I know we have churches starting and growing ministries that move outside their walls into the community. New Birth (Nuevo Nacimiento) UMC in Lebanon is operating house churches where prayer and Bible study happen weekly in the community. Jeremy Graef created Ember, which meets for creative worship Sunday nights in a Lancaster art studio. The Rev. Michael Johnson has a group meeting at Moravian Seminary. Our affiliated campus ministries at Drexel University, Millersville University and Lebanon Valley College hold regular worship services and other events on campus, welcoming students of various faiths to enjoy the koinonia experience.

We are not abandoning the movement to grow large churches. New Birth is our largest Latino church in the Northeast Jurisdiction, already outgrowing its space for Sunday worship. We are working with Lutherans to create a bridge ministry that could ultimately enable New Birth to relocate to one of their churches.

Congregational Development wants to partner with churches who know, or want to know, how to make disciples who can transform the world. Our partnership with Discipleship Ministries’ Path 1, a program to resource church planting, is enabling New Birth to train future Latino pastors in starting new ministries. While one such individual may leave to develop a new ministry in the Susquehanna Conference, another will help plant a much-needed Latino ministry in Reading, Pa., thanks in part to our investment.

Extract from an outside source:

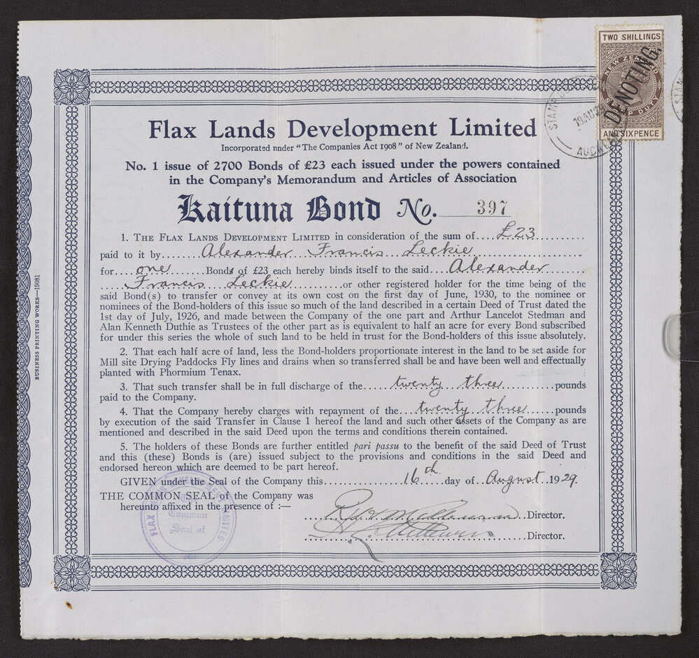 Kaituna Bond No. 397 issued to Alexander Francis Leckie, August 1929 by Flax Lands Development Ltd.

NewBirthPastor,2016Interns

We are undergoing a radical change in how we do and invest in ministry. People, including lay people, who have a vision of a new way to reach others for Christ must excite and organize others to grow that vision into reality. Get it started and then come to CDT to share what is happening, and ask us to come alongside to help.

Our search for new, creative ways to grow the Body of Christ may link us to other conferences or denominations or even take us to other parts of the world. With support from our Bishop and Connectional Ministries Director, the CDT is helping to take the successful model of a pastors training school in Kenya across the border to Tanzania, where fledgling United Methodist pastors direly need such training. The mission of the school in Kenya was “to teach to reach a million new people for Christ.”  Wouldn’t this be a great vision for the pastors and churches in Tanzania?

Actually, wouldn’t this be a great vision for pastors and churches in the Eastern PA Conference?